◆ TASK DATA:
⟨

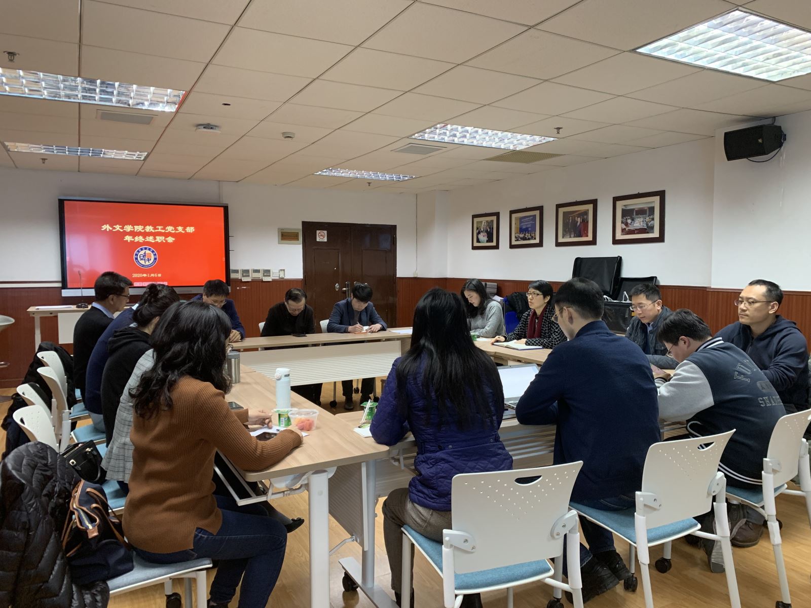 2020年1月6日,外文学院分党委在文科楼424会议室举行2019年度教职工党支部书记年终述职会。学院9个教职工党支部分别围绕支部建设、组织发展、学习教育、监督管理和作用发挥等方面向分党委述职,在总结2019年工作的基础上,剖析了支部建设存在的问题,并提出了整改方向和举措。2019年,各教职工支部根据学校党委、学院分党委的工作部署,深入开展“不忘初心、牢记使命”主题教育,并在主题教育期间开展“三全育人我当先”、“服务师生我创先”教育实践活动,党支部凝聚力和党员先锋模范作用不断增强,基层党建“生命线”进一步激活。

⟩
⟨

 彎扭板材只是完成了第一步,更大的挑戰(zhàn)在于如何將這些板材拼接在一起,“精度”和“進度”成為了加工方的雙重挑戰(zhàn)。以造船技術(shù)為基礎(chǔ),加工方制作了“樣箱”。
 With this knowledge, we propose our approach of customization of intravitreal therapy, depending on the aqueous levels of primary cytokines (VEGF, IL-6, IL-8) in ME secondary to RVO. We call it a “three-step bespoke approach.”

⟩
⟨

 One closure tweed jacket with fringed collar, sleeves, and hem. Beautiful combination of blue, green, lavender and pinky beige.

⟩

◆ WORK TO COMPLETE:
Taking the records above, retype every line from the one with "彎扭板材只是完成了第一步,更" down to the one with "With this knowledge, we", exactly and with nothing else.

◆ SOLUTION TO THE EXERCISE:
 彎扭板材只是完成了第一步,更大的挑戰(zhàn)在于如何將這些板材拼接在一起,“精度”和“進度”成為了加工方的雙重挑戰(zhàn)。以造船技術(shù)為基礎(chǔ),加工方制作了“樣箱”。
 With this knowledge, we propose our approach of customization of intravitreal therapy, depending on the aqueous levels of primary cytokines (VEGF, IL-6, IL-8) in ME secondary to RVO. We call it a “three-step bespoke approach.”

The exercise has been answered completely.